:: Task data ::
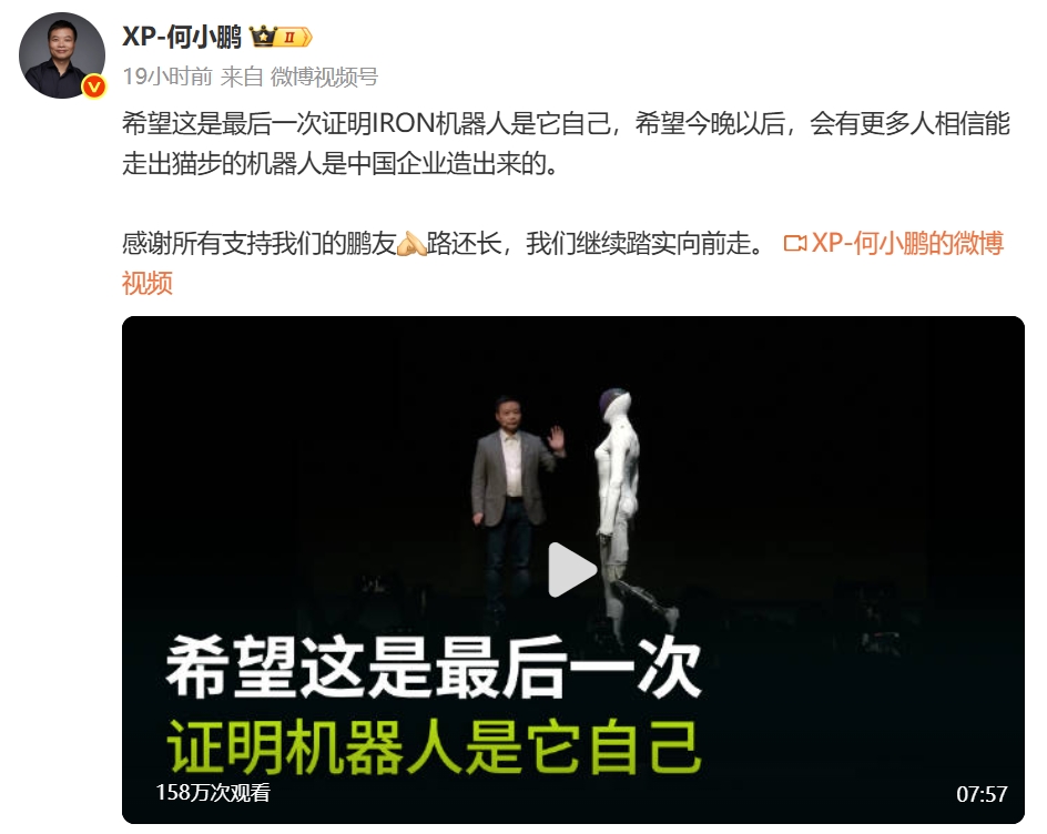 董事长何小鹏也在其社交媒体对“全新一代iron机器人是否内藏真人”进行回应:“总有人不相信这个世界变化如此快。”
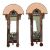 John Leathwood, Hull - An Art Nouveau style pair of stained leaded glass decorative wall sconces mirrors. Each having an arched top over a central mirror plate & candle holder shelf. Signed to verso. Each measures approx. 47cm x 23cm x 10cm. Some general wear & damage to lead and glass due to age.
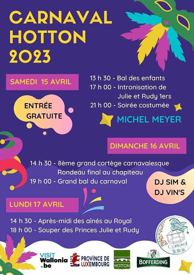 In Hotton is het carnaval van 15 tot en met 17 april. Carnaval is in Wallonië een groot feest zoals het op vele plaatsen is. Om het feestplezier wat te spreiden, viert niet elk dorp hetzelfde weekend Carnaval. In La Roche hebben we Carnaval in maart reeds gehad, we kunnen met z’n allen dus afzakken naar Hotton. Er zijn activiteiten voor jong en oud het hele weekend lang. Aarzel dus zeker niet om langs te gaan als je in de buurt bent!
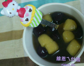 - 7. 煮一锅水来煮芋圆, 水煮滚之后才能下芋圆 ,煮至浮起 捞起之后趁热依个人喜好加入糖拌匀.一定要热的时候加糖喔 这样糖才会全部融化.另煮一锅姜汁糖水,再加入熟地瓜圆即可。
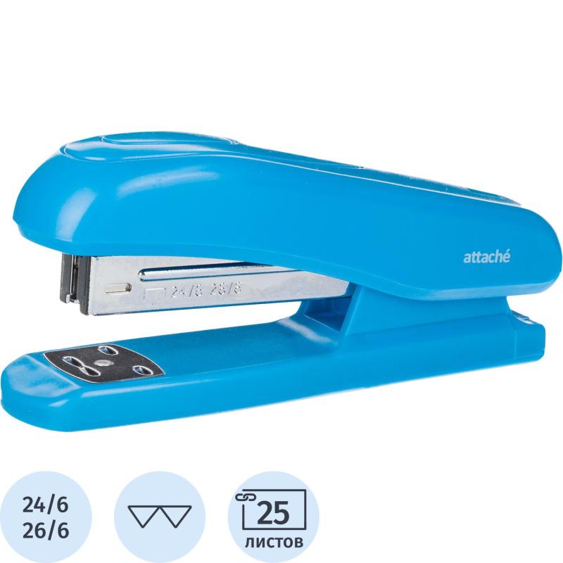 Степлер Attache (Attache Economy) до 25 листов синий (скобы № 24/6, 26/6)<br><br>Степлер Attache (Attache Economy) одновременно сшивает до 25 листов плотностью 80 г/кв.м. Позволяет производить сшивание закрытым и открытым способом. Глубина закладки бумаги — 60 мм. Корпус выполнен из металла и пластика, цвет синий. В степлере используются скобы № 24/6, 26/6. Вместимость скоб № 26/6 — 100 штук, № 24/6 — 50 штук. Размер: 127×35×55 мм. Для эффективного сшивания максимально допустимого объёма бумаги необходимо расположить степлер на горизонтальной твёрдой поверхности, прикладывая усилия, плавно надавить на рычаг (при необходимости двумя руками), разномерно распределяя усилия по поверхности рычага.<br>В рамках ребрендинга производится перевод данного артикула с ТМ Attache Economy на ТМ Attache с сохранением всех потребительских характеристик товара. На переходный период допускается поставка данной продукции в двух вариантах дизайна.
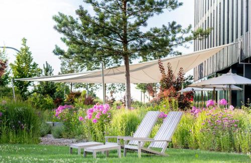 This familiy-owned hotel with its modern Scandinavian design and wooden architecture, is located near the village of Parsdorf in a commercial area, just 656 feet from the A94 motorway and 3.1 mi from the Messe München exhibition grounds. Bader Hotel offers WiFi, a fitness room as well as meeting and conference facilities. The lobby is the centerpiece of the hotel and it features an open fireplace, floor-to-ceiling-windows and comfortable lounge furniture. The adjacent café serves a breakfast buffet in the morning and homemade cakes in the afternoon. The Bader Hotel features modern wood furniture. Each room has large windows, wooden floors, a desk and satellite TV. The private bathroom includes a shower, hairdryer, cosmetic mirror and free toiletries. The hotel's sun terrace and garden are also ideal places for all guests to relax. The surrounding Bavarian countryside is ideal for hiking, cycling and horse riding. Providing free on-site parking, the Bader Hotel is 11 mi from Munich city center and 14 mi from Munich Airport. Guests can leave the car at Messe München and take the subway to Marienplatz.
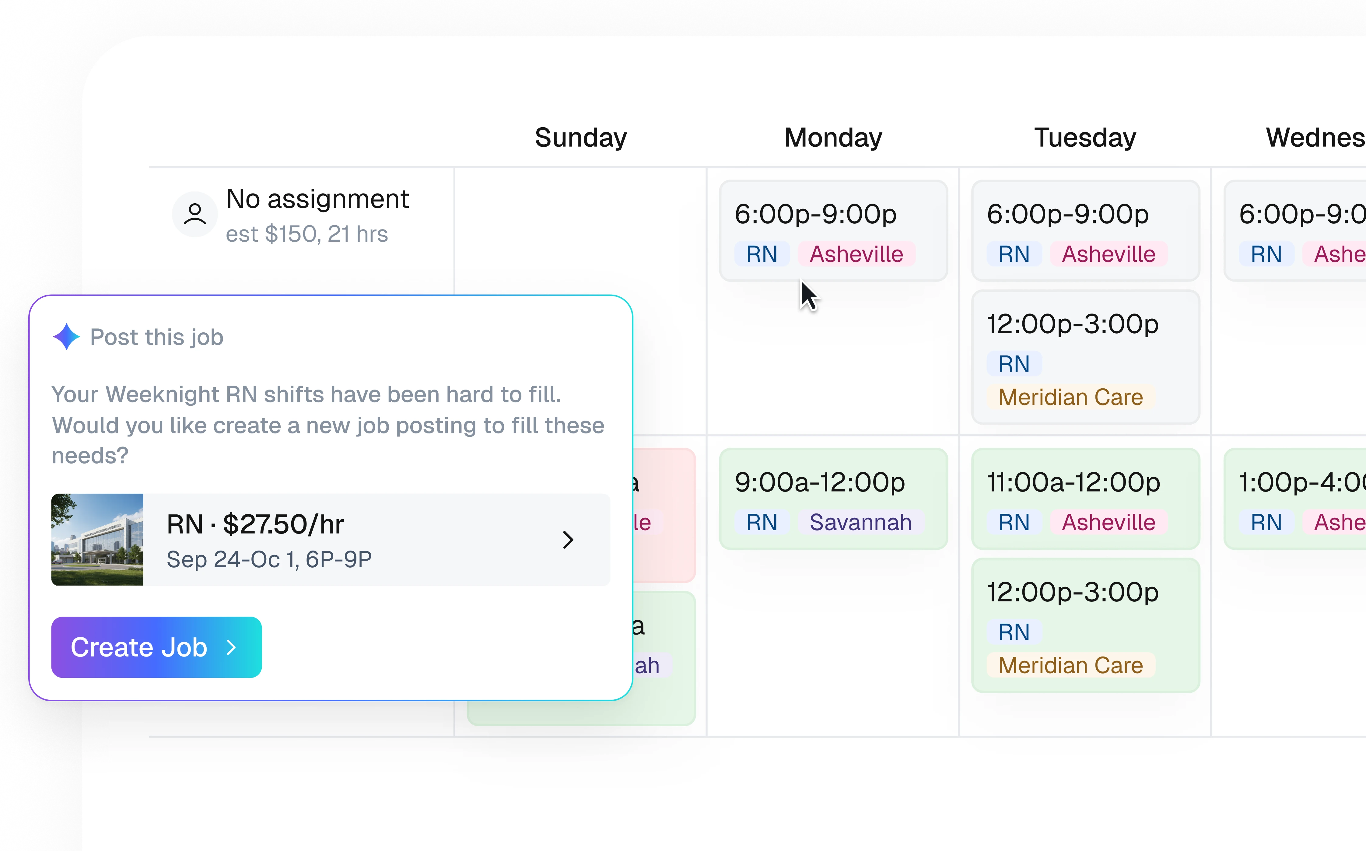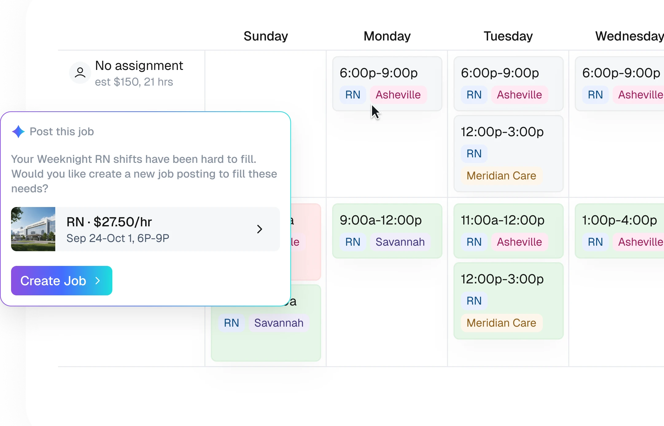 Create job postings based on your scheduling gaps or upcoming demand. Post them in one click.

==

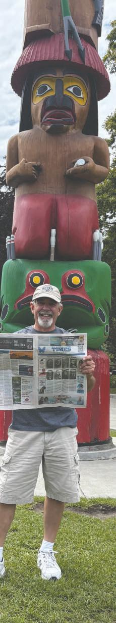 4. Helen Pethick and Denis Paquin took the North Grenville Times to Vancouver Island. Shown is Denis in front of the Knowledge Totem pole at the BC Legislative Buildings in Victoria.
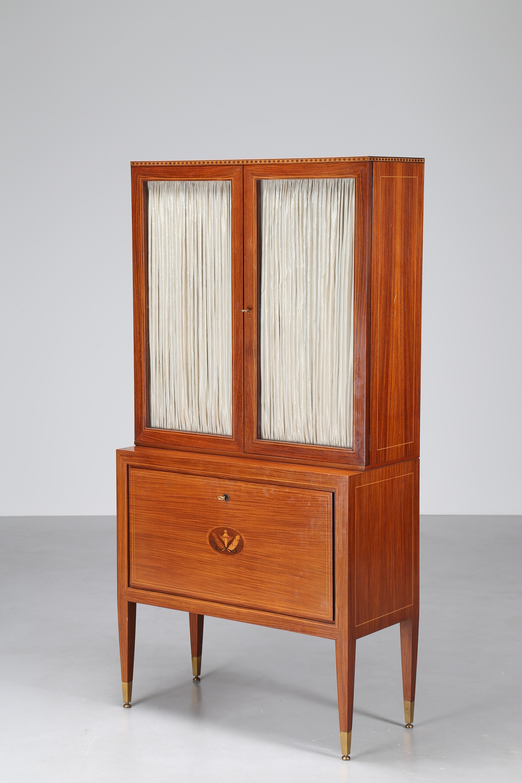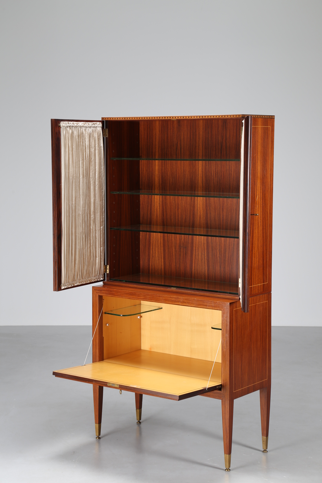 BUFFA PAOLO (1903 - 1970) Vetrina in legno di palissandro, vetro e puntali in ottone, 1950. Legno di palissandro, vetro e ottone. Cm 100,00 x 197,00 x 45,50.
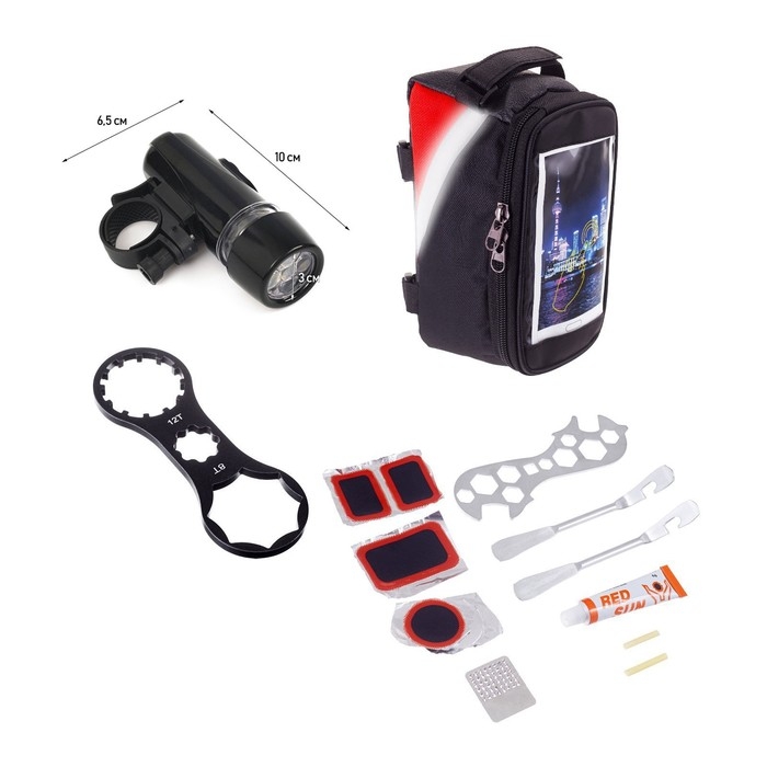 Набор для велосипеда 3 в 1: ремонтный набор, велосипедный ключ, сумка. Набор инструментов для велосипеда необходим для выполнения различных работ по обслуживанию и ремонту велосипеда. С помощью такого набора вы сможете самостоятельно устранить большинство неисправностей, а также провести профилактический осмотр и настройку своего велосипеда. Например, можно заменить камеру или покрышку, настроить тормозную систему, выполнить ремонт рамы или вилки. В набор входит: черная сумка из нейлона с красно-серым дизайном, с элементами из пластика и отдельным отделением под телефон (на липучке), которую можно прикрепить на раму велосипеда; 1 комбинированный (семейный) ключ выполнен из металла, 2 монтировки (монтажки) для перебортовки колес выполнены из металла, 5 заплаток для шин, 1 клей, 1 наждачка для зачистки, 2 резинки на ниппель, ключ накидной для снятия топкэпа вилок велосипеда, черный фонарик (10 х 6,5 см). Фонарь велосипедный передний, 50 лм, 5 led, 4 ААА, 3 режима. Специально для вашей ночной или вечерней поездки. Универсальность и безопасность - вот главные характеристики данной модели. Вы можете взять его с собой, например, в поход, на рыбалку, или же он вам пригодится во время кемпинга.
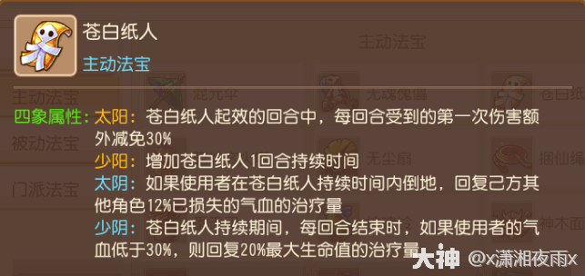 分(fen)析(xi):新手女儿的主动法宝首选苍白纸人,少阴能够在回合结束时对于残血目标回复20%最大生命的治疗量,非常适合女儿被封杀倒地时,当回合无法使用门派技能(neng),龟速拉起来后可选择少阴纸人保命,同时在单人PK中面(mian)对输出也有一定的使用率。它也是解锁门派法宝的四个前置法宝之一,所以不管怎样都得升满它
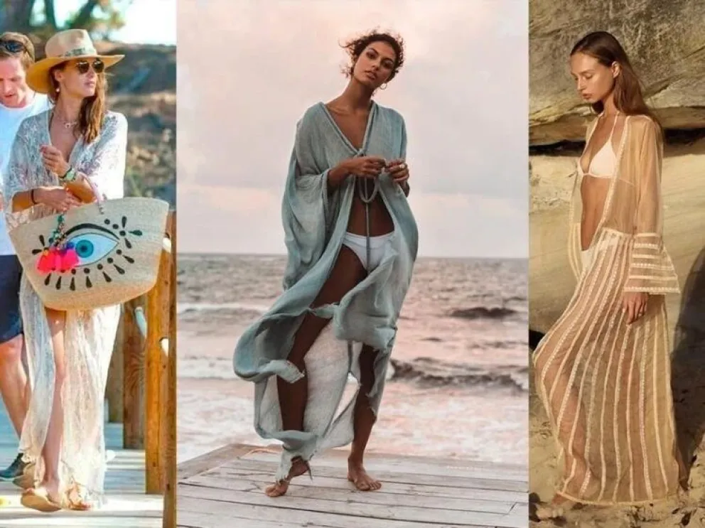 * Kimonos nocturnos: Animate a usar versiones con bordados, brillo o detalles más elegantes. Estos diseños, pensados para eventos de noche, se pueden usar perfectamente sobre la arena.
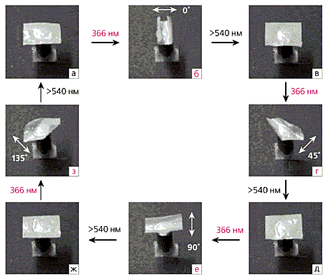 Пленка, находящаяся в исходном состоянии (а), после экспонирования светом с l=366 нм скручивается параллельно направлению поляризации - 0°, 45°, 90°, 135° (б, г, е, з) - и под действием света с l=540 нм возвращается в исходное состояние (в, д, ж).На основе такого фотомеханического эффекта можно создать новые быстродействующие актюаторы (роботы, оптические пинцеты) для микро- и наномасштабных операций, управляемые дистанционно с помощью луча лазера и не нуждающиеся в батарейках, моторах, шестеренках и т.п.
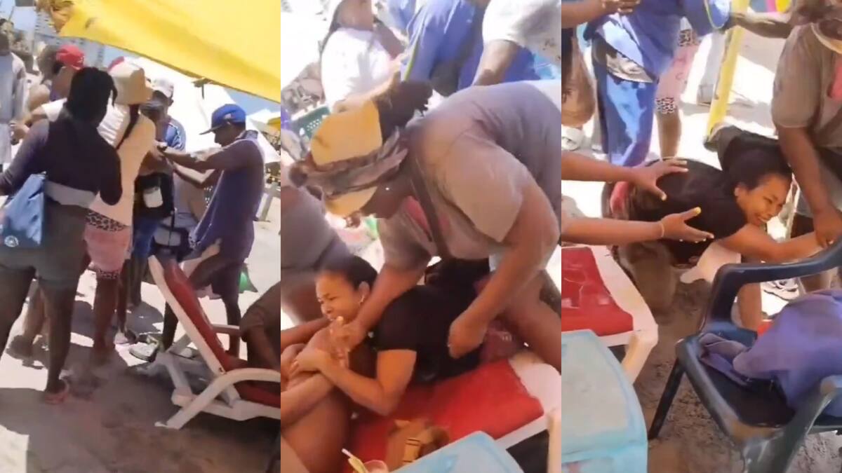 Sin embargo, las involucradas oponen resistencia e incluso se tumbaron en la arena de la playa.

--

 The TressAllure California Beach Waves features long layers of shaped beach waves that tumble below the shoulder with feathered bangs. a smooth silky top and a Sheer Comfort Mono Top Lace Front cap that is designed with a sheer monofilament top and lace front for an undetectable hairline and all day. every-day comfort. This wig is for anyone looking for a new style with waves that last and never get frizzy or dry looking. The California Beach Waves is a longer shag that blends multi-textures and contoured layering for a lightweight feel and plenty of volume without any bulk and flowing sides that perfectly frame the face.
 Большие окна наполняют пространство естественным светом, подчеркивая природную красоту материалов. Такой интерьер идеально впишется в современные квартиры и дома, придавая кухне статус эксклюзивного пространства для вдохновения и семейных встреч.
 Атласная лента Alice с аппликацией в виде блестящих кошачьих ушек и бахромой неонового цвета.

:: Exercise directions ::
Copy only the lines above from the one containing "董事长何小鹏也在其社交媒体对" through the one containing "Степлер Attache (Attache Economy) до", both included. Leave out the pictures.

:: Answer space ::
 董事长何小鹏也在其社交媒体对“全新一代iron机器人是否内藏真人”进行回应:“总有人不相信这个世界变化如此快。”
 John Leathwood, Hull - An Art Nouveau style pair of stained leaded glass decorative wall sconces mirrors. Each having an arched top over a central mirror plate & candle holder shelf. Signed to verso. Each measures approx. 47cm x 23cm x 10cm. Some general wear & damage to lead and glass due to age.
 In Hotton is het carnaval van 15 tot en met 17 april. Carnaval is in Wallonië een groot feest zoals het op vele plaatsen is. Om het feestplezier wat te spreiden, viert niet elk dorp hetzelfde weekend Carnaval. In La Roche hebben we Carnaval in maart reeds gehad, we kunnen met z’n allen dus afzakken naar Hotton. Er zijn activiteiten voor jong en oud het hele weekend lang. Aarzel dus zeker niet om langs te gaan als je in de buurt bent!
 - 7. 煮一锅水来煮芋圆, 水煮滚之后才能下芋圆 ,煮至浮起 捞起之后趁热依个人喜好加入糖拌匀.一定要热的时候加糖喔 这样糖才会全部融化.另煮一锅姜汁糖水,再加入熟地瓜圆即可。
 Степлер Attache (Attache Economy) до 25 листов синий (скобы № 24/6, 26/6)<br><br>Степлер Attache (Attache Economy) одновременно сшивает до 25 листов плотностью 80 г/кв.м. Позволяет производить сшивание закрытым и открытым способом. Глубина закладки бумаги — 60 мм. Корпус выполнен из металла и пластика, цвет синий. В степлере используются скобы № 24/6, 26/6. Вместимость скоб № 26/6 — 100 штук, № 24/6 — 50 штук. Размер: 127×35×55 мм. Для эффективного сшивания максимально допустимого объёма бумаги необходимо расположить степлер на горизонтальной твёрдой поверхности, прикладывая усилия, плавно надавить на рычаг (при необходимости двумя руками), разномерно распределяя усилия по поверхности рычага.<br>В рамках ребрендинга производится перевод данного артикула с ТМ Attache Economy на ТМ Attache с сохранением всех потребительских характеристик товара. На переходный период допускается поставка данной продукции в двух вариантах дизайна.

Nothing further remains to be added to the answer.